The grandmother laughed and thanked Shelby again.

The regulars went back to their lunches, napkins in their laps.

And Tony, who had just begun the refrain of his well-known “why I put up with you people I’ll never know” song, saw Shelby approaching, shut his mouth, glared at Tabby impotently one last time, and retreated to his kitchen.

“What a hoot! Do you think he was once frightened by Miss Manners? Anyway, I owe you, babe,” Tabby said, giving Shelby a friendly whack on the shoulder that all but sent her staggering.

Quinn looked at his plate and saw that somehow he’d eaten all of the steak sandwich. Picking up his coffee cup, he walked over to the corner booth, motioned that he’d like to sit down, said he’d like to talk about the “great cycles” he’d seen in the parking lot. It wasn’t much of an opening, but it might do for starters.

The regulars told him to join them, the one named George even kicking out beneath the booth so that the empty chair on the other side of it was pushed away and made ready for Quinn to sit down. “Why, thank you, George.”
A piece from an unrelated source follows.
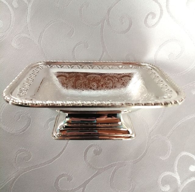 Dettagli del prodottoBomboniera silver plated Barker Ellis (anni ’30–’40), elegante pezzo inglese con bordo traforato, incisione floreale e piede rettangolare. Lavorazione di qualità tipica della storica argenteria Barker Ellis di Birmingham. Ideale come centrotavola o porta bonbon. Argentatura brillante, condizioni eccellenti. Misura: 15*12*6.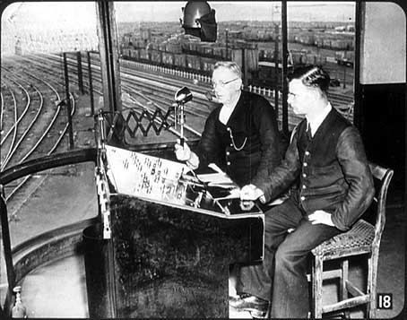 18) Now here are the men in the control tower. This, by the way, is at Toton, near Nottingham, but the principle is exactly the same. On the desk are lines which correspond to the tracks; and the buttons, which have a sort of miniature signpost on them, are turned round to move the points at the entrance to the yard. The older man is holding a microphone in his hand by which he can speak through loud speakers to the men on duty outside in the marshalling yard.

Civilization comes to East Wapaneken.

Civilization, and
a possible murder plot?

Amazing.

Chapter Nineteen

Shelby looked at the windmill. Watched its blades rotate. Watched the cutout hole at the bottom of the windmill appear, disappear, reappear again as the blades passed by.

She turned to look at Brandy, leaned close, whispered, “You’re kidding, right?”

Brandy was confused. She grabbed Shelby by the elbow and pulled her away from the first hole of the miniature golf course. “Kidding? What do you mean, am I kidding? What’s the problem? I thought you said you were good at this. I’ve bet Gary a half hour of foot rubbing that we’d beat their pants off. Now get some color back in those cheeks, sweetcakes, and hit the damn ball.”

Shelby dug in her heels and refused to be moved. “I said I could putt. I said I could golf. This isn’t golf. This is… this is…” She looked out over the course. At a grinning alligator, its mouth wide open to receive the putt At a wooden granny in a small rocking chair, alternating between blocking and exposing another hole she was supposed to knock her ball through to reach the hole. Eighteen holes, littered with obstacles, hidey-holes, twists, and turns. Even two water holes. “This is
nuts.”

“Wrong. It’s miniature golf. God, you are deprived, aren’t you? Okay, I’ll go first, and you watch.”

While Shelby and Brandy continued whispering to each other in low tones, Quinn took advantage of this short time in which to admire Shelby’s legs yet again and grin a little at her silly red sneakers. Damn, but those legs were long. And straight No knobby knees on this girl, none whatsoever. She had legs like Chita Rivera. Cyd Charisse. Ann-Margret. Legs that could fill a man’s dreams.

And that black sweater? Well, he’d seen black sweaters before, even ones that somehow stopped four inches short of the waist of a pair of tight, faded denim shorts. But he’d never seen one on Shelby Taite, and seeing one on that cool blond beauty was enough to make him damn glad he’d handed in his resignation. Otherwise, Somerton Taite would have to have him killed for what he was thinking, what he was hoping.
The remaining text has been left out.